There are more than 900 agricultural ingredients and co-products used to create animal and pet food diets. Ingredients include barley, corn, distiller’s grain, forage, fruits, minerals, sorghum, vegetables, vitamins and wheat. Co-products are the outputs from a manufacturing process or chemical reaction. Many animal source and vegetation co-products are used in the formulation of feed. These ingredients include, but are not limited to, animal protein, bakery co-products, blood meal, brewer’s yeast, citrus pulp, distiller’s grain, molasses, soybean meal and salt.

A co-product is a secondary product that is recycled for another purpose. Co-products are commonly used in animal feeds and pet foods. It is a sustainable way to efficiently utilize products.
Feed Processing
Feed mills worldwide use four basic processes to produce animal feed: receiving raw ingredients from suppliers; creating a feed formula based on many years of research; mixing ingredients together to make a complete feed; and packaging and labeling feed to be shipped for commercial or retail purposes.
Receiving raw ingredients from suppliers is the most important process. Upon arrival, ingredients are weighed, tested and analyzed for various nutrients to ensure their quality and safety. This process allows nutritionists to accurately formulate feed for a specific species.
Laboratory testing is an important part of any quality control program because it measures specific components of a feed/ingredient sample to assure that it meets quality specifications. Tests involve chemical, physical and/or electronic measurement to determine the quality of a product in comparison to a predetermined standard.Testing schemes should be developed by quality assurance, nutrition, procurement and production staff. Feed and ingredients are tested for moisture content, protein, fat quality, fat quantity, crude fiber, mycotoxins, pathogens and other key indicators of quality.
Quality Control

Quality control is a set of procedures followed to ensure quality of a product and all factors involved. Quality assurance begins with examination of incoming ingredients. Damage by weather, molds, heat and insects; filth; adulterants; and contaminants can be detected by the microscopist or trained assistants. Mixing quality can also be evaluated rapidly. The presence or absence of micro ingredients, minerals and vitamins are established by observation or by micro spot-testing.

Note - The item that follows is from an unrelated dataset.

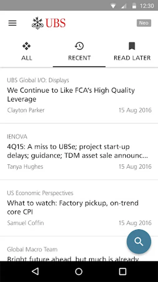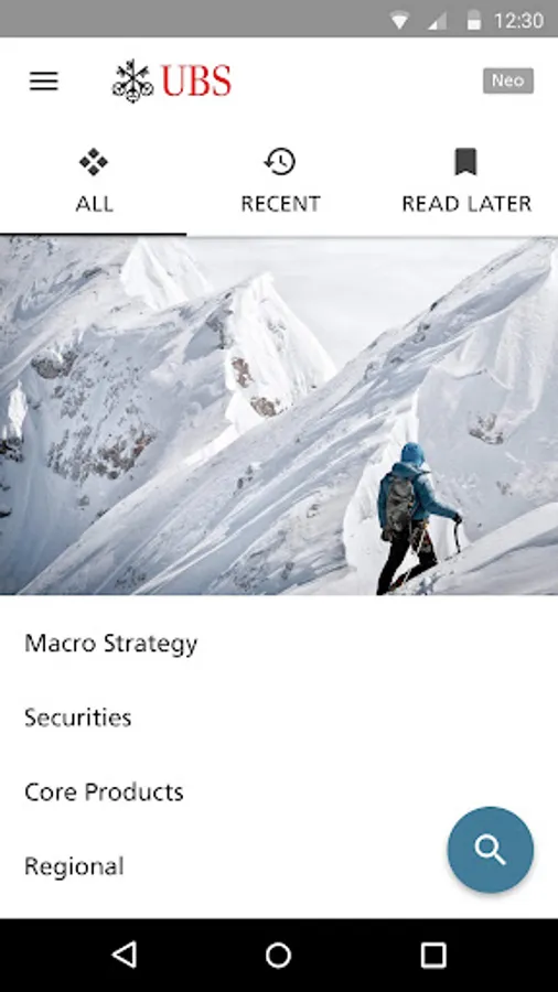 UBS Neo is your personal network of real-time market intelligence that you can control and trade on. UBS Neo brings you the best of UBS’ Investment Bank — our people, our content, and our trading services. The UBS Neo Research App provides institutional clients instant access to UBS’s Investment Bank Research anytime, anywhere.

Microscopy is one of the fastest and most fundamental, quality control techniques available for analyses of formula feed and feed ingredient. The various applications of feed microscopy range from identifying and quantifying contaminants and adulterations in supplier samples or incoming ingredients to providing customer support investigations and complaints and brand protection in the marketplace.
Feed microscopy can be divided into two major types-qualitative and quantitative. Qualitative microscopy is the identification and evaluation of ingredients and foreign materials, alone or in mixtures, via either surface features or cellular characteristics. Quantitative microscopy is the subjective, proportioned measurement of ingredients in finished feeds or of contaminants and adulterants in ingredients, and involves examinations by both stereo- and compound microscopes.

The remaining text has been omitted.